Task prompt: What is needed is a verbatim copy of the data, minus the pictures.

Extracted entries:
+---+
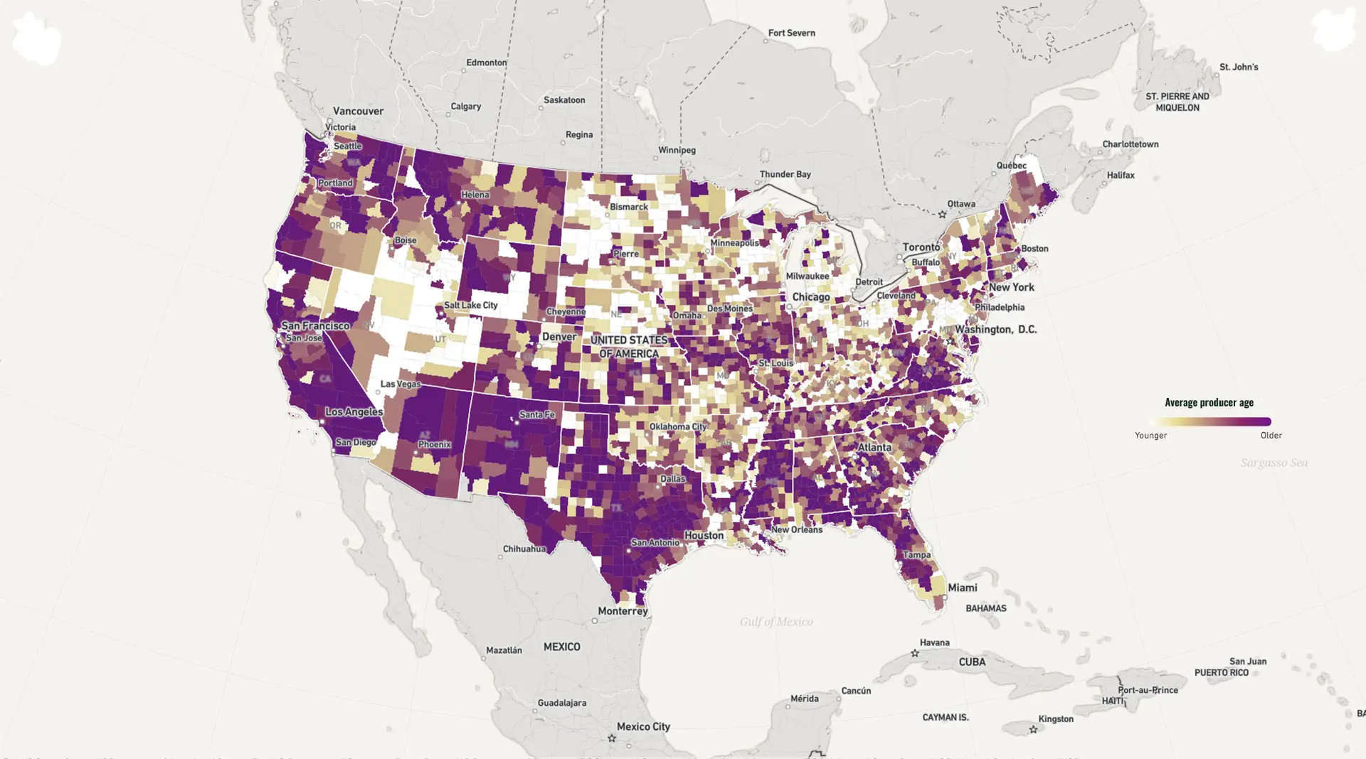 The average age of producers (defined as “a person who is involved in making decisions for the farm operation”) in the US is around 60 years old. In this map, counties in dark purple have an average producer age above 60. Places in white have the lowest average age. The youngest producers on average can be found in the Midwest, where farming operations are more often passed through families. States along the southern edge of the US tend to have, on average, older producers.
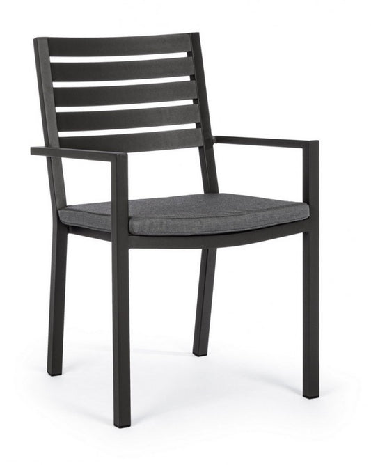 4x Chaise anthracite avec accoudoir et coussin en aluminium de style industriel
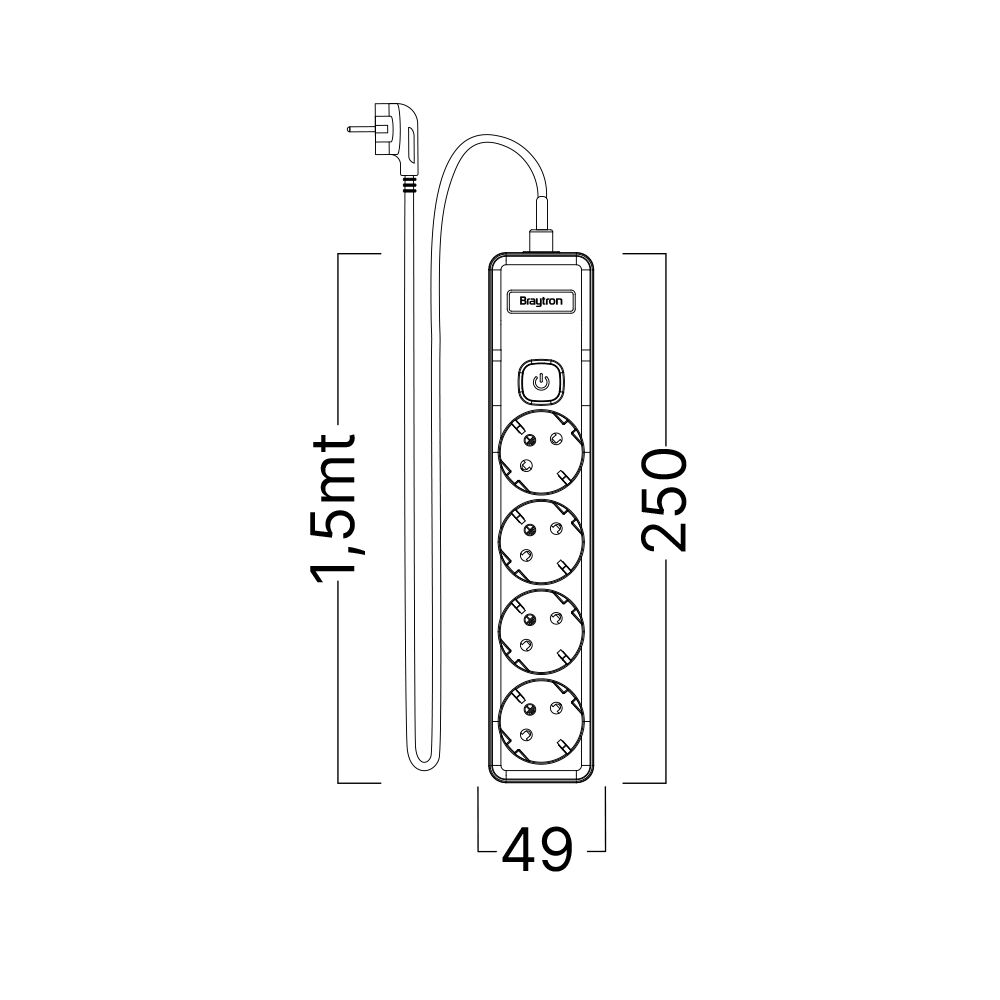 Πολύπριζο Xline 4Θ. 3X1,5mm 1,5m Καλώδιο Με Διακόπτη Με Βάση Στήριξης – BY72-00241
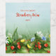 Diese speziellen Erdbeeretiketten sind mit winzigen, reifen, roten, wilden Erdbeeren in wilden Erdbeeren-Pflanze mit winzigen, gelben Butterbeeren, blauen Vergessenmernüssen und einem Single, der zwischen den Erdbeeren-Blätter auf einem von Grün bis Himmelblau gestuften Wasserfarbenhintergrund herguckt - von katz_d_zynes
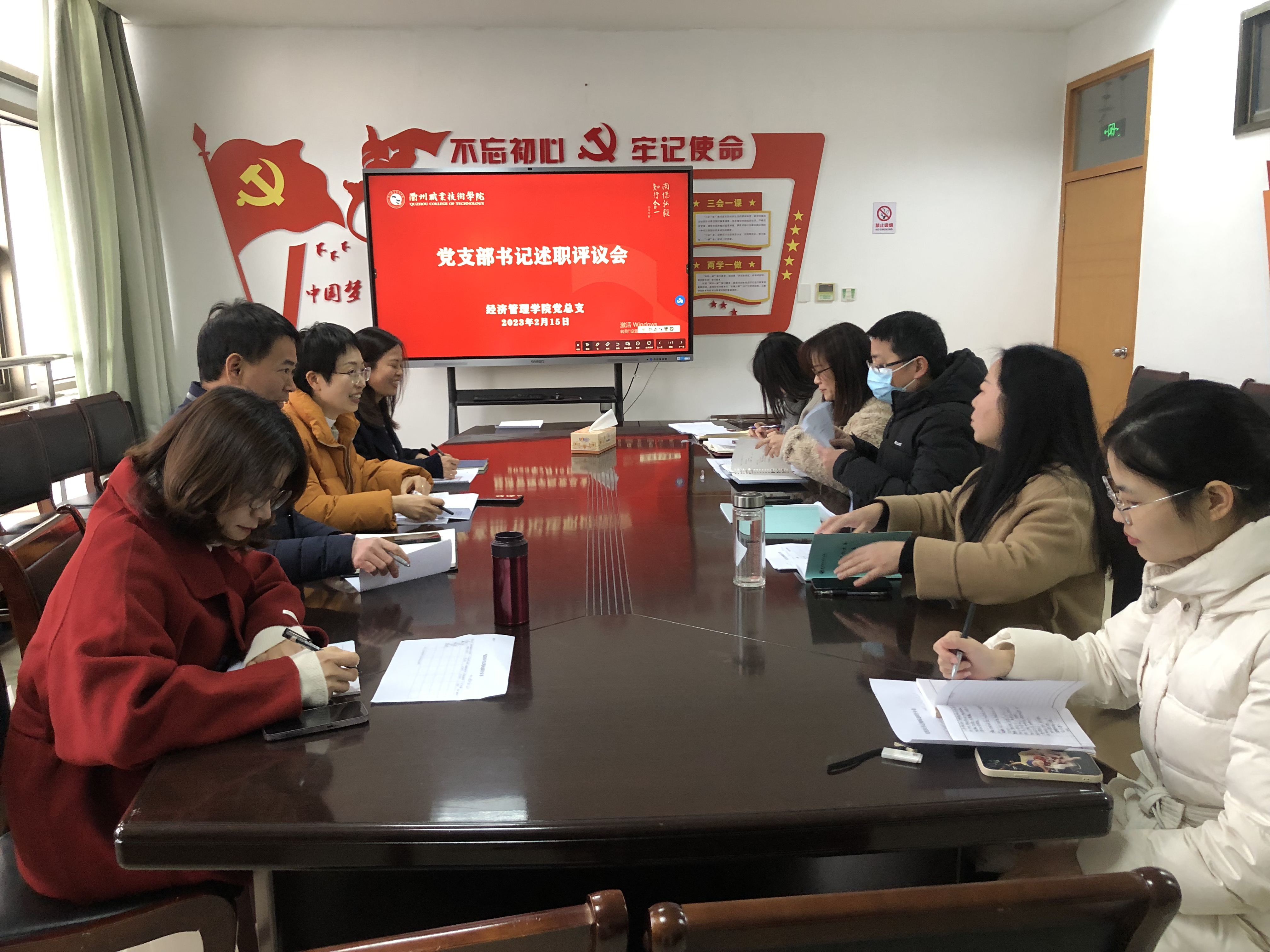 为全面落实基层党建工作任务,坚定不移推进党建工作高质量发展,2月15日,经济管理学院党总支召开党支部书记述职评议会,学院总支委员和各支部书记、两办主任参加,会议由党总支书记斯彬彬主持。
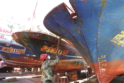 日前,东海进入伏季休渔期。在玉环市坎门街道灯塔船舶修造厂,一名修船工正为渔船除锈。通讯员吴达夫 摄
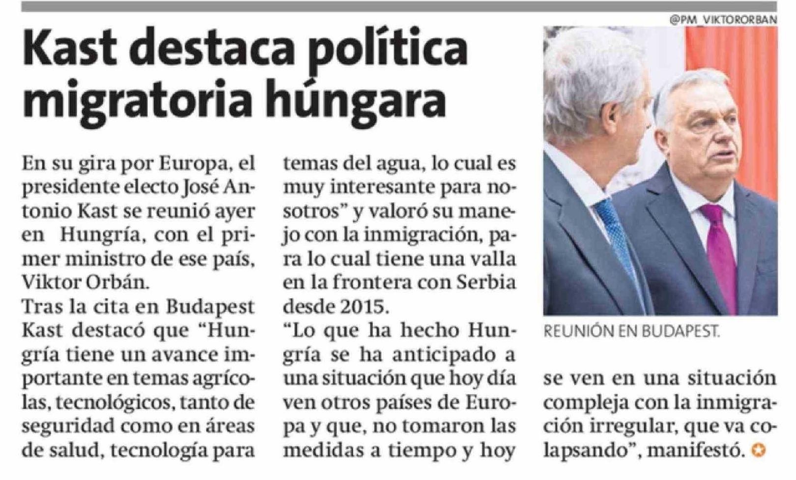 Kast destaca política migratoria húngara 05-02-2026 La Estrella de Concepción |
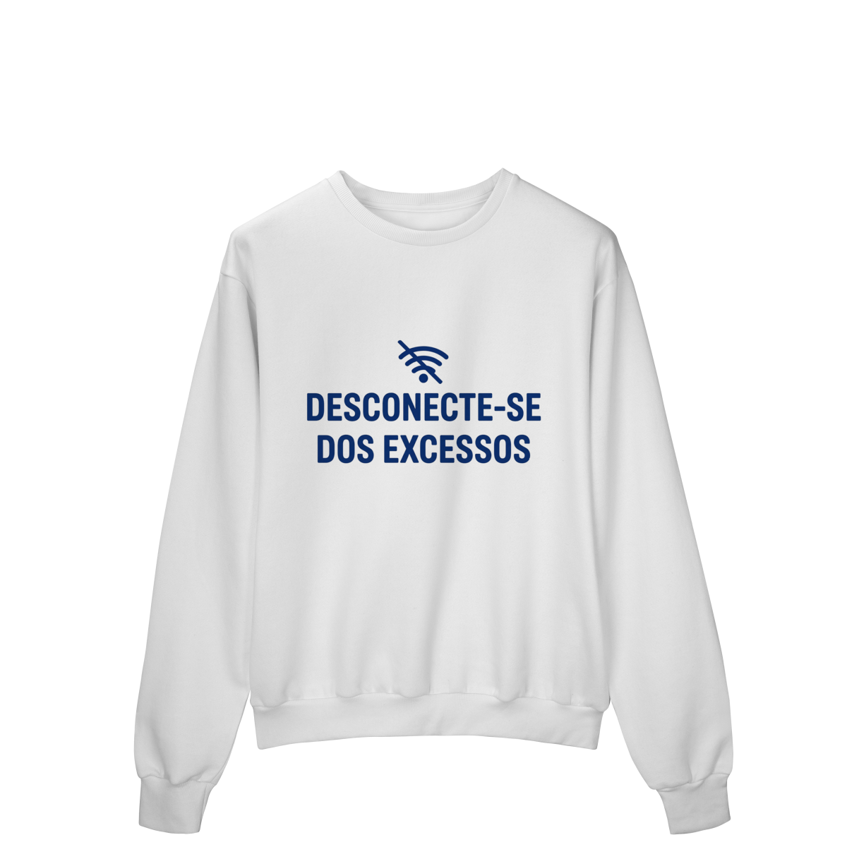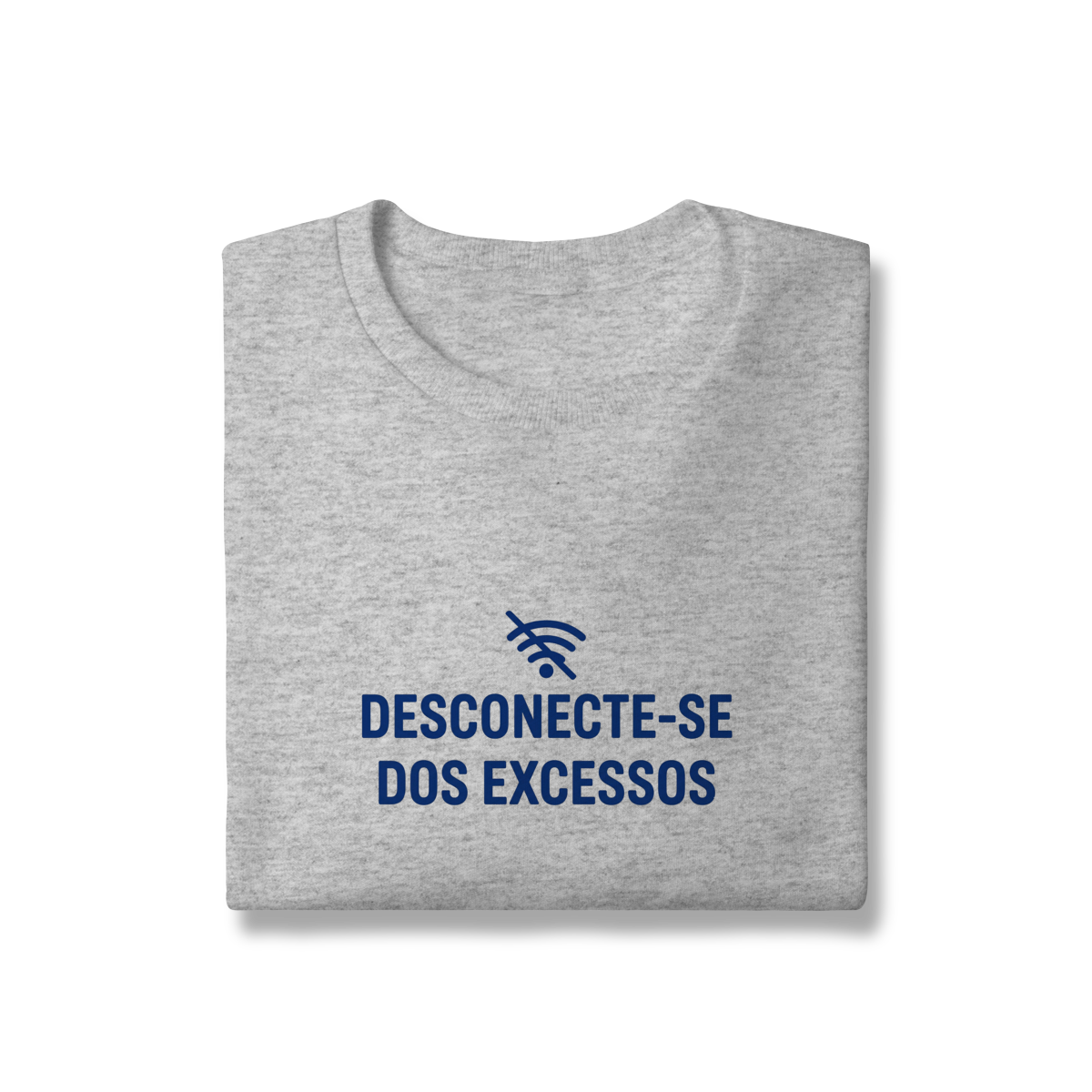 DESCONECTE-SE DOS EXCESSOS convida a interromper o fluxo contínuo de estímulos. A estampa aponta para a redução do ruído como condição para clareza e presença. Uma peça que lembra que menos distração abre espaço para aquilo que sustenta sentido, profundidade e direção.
+---+
Expected output:
 The average age of producers (defined as “a person who is involved in making decisions for the farm operation”) in the US is around 60 years old. In this map, counties in dark purple have an average producer age above 60. Places in white have the lowest average age. The youngest producers on average can be found in the Midwest, where farming operations are more often passed through families. States along the southern edge of the US tend to have, on average, older producers.
 4x Chaise anthracite avec accoudoir et coussin en aluminium de style industriel
 Πολύπριζο Xline 4Θ. 3X1,5mm 1,5m Καλώδιο Με Διακόπτη Με Βάση Στήριξης – BY72-00241
 Diese speziellen Erdbeeretiketten sind mit winzigen, reifen, roten, wilden Erdbeeren in wilden Erdbeeren-Pflanze mit winzigen, gelben Butterbeeren, blauen Vergessenmernüssen und einem Single, der zwischen den Erdbeeren-Blätter auf einem von Grün bis Himmelblau gestuften Wasserfarbenhintergrund herguckt - von katz_d_zynes
 为全面落实基层党建工作任务,坚定不移推进党建工作高质量发展,2月15日,经济管理学院党总支召开党支部书记述职评议会,学院总支委员和各支部书记、两办主任参加,会议由党总支书记斯彬彬主持。
 日前,东海进入伏季休渔期。在玉环市坎门街道灯塔船舶修造厂,一名修船工正为渔船除锈。通讯员吴达夫 摄
 Kast destaca política migratoria húngara 05-02-2026 La Estrella de Concepción |
 DESCONECTE-SE DOS EXCESSOS convida a interromper o fluxo contínuo de estímulos. A estampa aponta para a redução do ruído como condição para clareza e presença. Uma peça que lembra que menos distração abre espaço para aquilo que sustenta sentido, profundidade e direção.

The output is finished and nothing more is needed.